2. Using a virtual robots.txt
This method works by ensuring that all subdomains will be crawled, and then telling the Oncrawl bot not to crawl certain subdomains.
Use this method if you only have a few subdomains that you don't want to crawl, if there are lots of links between your subdomains, or if your project is already verified.
You may want to take a look at the article on How to use a virtual robots.txt.
Before you start: verify ownership to validate your project
Because you'll need to use a virtual robots.txt override, you will need to validate the site you want to crawl. This lets us know you have permission to ignore the way the site is configured.
If you're not sure whether you've already validated your project or not, you can follow steps one and two below. If your project is already validated, we'll let you know on the project validation page.
From your project home page, in the upper right-hand corner, click on the three dots to open the project menu.
Select Verify ownership.
Follow the steps to provide the information we need to validate your project.
Click on Set up new Crawl to go directly to the crawl settings page.
Set up crawl parameters
From the project home page, click Set up a new crawl.
At the top of the page, make sure the extra settings are shown. If the toggle button is gray, click on it to display them.
Set the Start URLs
Click on Start URL to expand the section.
Make sure your crawl is set to Spider mode.
In the Start URL field, enter the start URL for one of the subdomains you would like to crawl.

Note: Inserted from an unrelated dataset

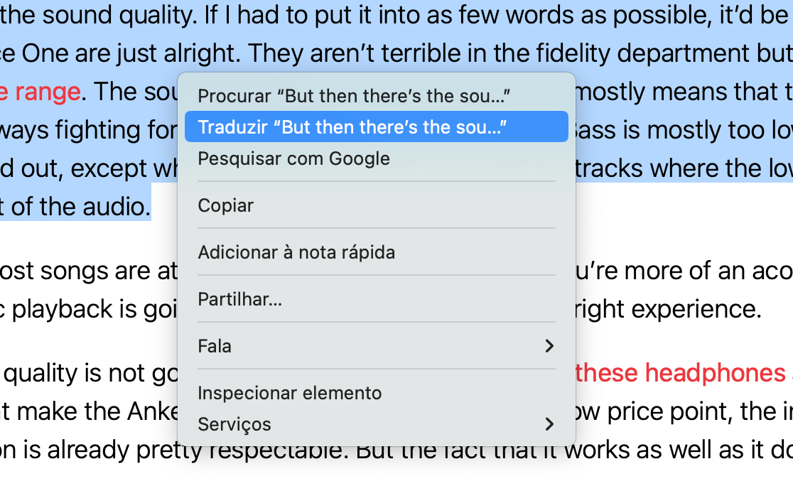 O Safari permite-te traduzir uma página por inteiro ou apenas uma secção de uma página sem necessitar da ajuda de aplicações de terceiros.

Enter the Additional start URLs for any additional subdomains that you want to crawl. This ensures that the additional subdomains will be crawled, even if the first link to them is beyond the maximum depth or number of pages.
Enable crawling encountered subdomains
Click on Subdomains to expand the section
Tick the Crawl encountered subdomains box.
At this point, if you launch a crawl, all subdomains will be crawled.
The next steps will limit the subdomains that can be crawled.
Disallow unwanted subdomains
You can use a virtual robots.txt to tell the Oncrawl bot to avoid certain subdomains.
Scroll down to Extra settings and click on Virtual robots.txt to expand the section.
Tick the Enable virtual robots.txt to enable this option.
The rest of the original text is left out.